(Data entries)
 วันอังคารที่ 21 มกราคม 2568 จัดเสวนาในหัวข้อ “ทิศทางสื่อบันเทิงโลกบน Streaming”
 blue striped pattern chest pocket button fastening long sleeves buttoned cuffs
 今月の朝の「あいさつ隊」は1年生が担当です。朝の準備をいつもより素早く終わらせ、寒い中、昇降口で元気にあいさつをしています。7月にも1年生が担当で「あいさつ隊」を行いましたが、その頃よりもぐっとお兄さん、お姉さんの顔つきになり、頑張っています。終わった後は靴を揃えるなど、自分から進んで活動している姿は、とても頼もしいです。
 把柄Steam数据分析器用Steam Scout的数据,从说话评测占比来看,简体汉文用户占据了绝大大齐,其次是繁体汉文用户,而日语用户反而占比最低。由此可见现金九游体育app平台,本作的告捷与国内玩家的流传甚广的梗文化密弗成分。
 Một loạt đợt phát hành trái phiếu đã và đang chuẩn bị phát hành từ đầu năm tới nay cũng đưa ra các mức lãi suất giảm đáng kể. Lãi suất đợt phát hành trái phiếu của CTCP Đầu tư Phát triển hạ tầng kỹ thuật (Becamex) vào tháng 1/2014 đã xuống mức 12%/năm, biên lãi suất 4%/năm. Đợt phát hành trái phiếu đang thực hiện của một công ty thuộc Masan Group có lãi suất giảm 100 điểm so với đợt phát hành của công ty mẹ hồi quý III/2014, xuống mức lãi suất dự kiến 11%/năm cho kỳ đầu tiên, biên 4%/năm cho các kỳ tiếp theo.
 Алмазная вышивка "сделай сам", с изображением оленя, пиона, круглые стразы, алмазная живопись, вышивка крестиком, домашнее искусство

Your instructions: The requested lines run from the one with "今月の朝の「あいさつ隊」は1" through the last line of the records. Return them exactly.

Answer space:
 今月の朝の「あいさつ隊」は1年生が担当です。朝の準備をいつもより素早く終わらせ、寒い中、昇降口で元気にあいさつをしています。7月にも1年生が担当で「あいさつ隊」を行いましたが、その頃よりもぐっとお兄さん、お姉さんの顔つきになり、頑張っています。終わった後は靴を揃えるなど、自分から進んで活動している姿は、とても頼もしいです。
 把柄Steam数据分析器用Steam Scout的数据,从说话评测占比来看,简体汉文用户占据了绝大大齐,其次是繁体汉文用户,而日语用户反而占比最低。由此可见现金九游体育app平台,本作的告捷与国内玩家的流传甚广的梗文化密弗成分。
 Một loạt đợt phát hành trái phiếu đã và đang chuẩn bị phát hành từ đầu năm tới nay cũng đưa ra các mức lãi suất giảm đáng kể. Lãi suất đợt phát hành trái phiếu của CTCP Đầu tư Phát triển hạ tầng kỹ thuật (Becamex) vào tháng 1/2014 đã xuống mức 12%/năm, biên lãi suất 4%/năm. Đợt phát hành trái phiếu đang thực hiện của một công ty thuộc Masan Group có lãi suất giảm 100 điểm so với đợt phát hành của công ty mẹ hồi quý III/2014, xuống mức lãi suất dự kiến 11%/năm cho kỳ đầu tiên, biên 4%/năm cho các kỳ tiếp theo.
 Алмазная вышивка "сделай сам", с изображением оленя, пиона, круглые стразы, алмазная живопись, вышивка крестиком, домашнее искусство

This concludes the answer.